The applied treatment strategies included neurolysis, nerve grafting and end-to-end anastomosis. The results were categorized as "Good" if the force exceeded M3 and proprioception, pain, temperature and touch perception was present. The results of nerve grafting in the nerve roots and cords were promising and rated as good in 93% and 88% of the cases respectively. In the nerve trunks results were good in 5 of the 10 cases. Apparently in the brachial plexus, the treatment outcome of peripheral nerve injuries inflicted by warfare seems to be much more favorable than the conventional stretch injuries. For this reason, surgical interventions are recommended in such instances.

Authors: J. Gousheh, P. Mafi
Source: Iranian Journal of Plastic Reconstruction Surgery. 1999; 2 (6): 3.


STREPTOCOCCAL INFECTION CARRIER-STATES IN THE SCHOOLS OF EAST TEHRAN

Streptococcal infections are one of the most common causes of bacterial infections in infants and children aged between 5 to 15 years. Group-A streptococci are the most common cause of acute pharyngitis.

This study was designed to evaluate the occurrence of carrier-states in streptococcal infections in school children of eastern Tehran from 1993 to 1994. Using sterile swabs, samples were obtained and cultured from the tonsils and pharynx. Out of the 747 cases evaluated (387 boys and 360 girls), 59.2% and 40.8% were elementary and middle school children, respectively. Also, it was seen that 88.5% (n=661) were positive for alpha-hemolytic streptococci, 7.4% (n=55) for non group-A streptococci, 2.7% (n=20) for beta-hemolytic group-A-streptococci and 1.4% (n=11) for staphylococci. Overall, 75 cases were positive for carrier-state group-A and non-A beta-hemolytic streptococci.

Author: M H. Soltanzadeh
Source: Teb & Tazkieh. 1999; 34: 46.


MULTIPLE ORGAN DYSFUNCTION SYNDROME AFTER SEPTIC SHOCK IN THE PEDIATRIC INTENSIVE CARE UNIT AT THE CHILDREN’S MEDICAL CENTER, TEHRAN

Multiple organ dysfunction syndrome (MODS) has been recognized as a clinical entity only in the past twenty years, primarily as a result of advances in technology, medical information and scientific research. This syndrome can occur after severe sepsis (septic shock), surgery, trauma and ischemia. Multiple organ failure (MOF) is the end stage of MODS in critically ill patients. Many systems such as the pulmonary, gastrointestinal, hepatic, renal and cardiovascular systems may be involved in this syndrome. When two or more organs are involved, the survival rate becomes progressively lower.

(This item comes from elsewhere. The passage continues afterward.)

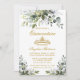 Die moderne Elegant Watercolor Botanische Grüne Wedding Quinceañera Invitation Card beinhaltet Eukalyptus-Blätter, grünes botanisches Blattwerk, staubblaue Blätter und andere schöne botanische Pflanzen.

MOF is one of the main causes of death in patients admitted to intensive care units (ICUs). In recent years because of advanced life support, the morbidity and mortality due to this syndrome has diminished. MODS has generally been associated with severe sepsis/septic shock. Because of the importance of this issue, a study was conducted for a period of 3 years in the Pediatric Intensive Care Unit (PICU) of the Children’s Medical Center. A total of 2,260 patients were admitted during these years, out of which 86 had the criteria of septic shock. All had developed MODS which revealed 94% pulmonary, 90% renal, 74% hepatic and 83% hematologic and 95% cardiac involvement. According to sex, there was no difference in organ involvement.

The age of these patients ranged from 1 month to 10 years with a median age of 21 months. Hyponatremia, hypocalcemia and hyperglycemia were more prevalent in these patients. Only 16% of the blood cultures were positive. Unfortunately 84 patients (97%) expired. None of the two surviving patients had pulmonary involvement but due to the small number of these patients, it was not possible to conclude any relationship between organ involvement and the outcome of the patients.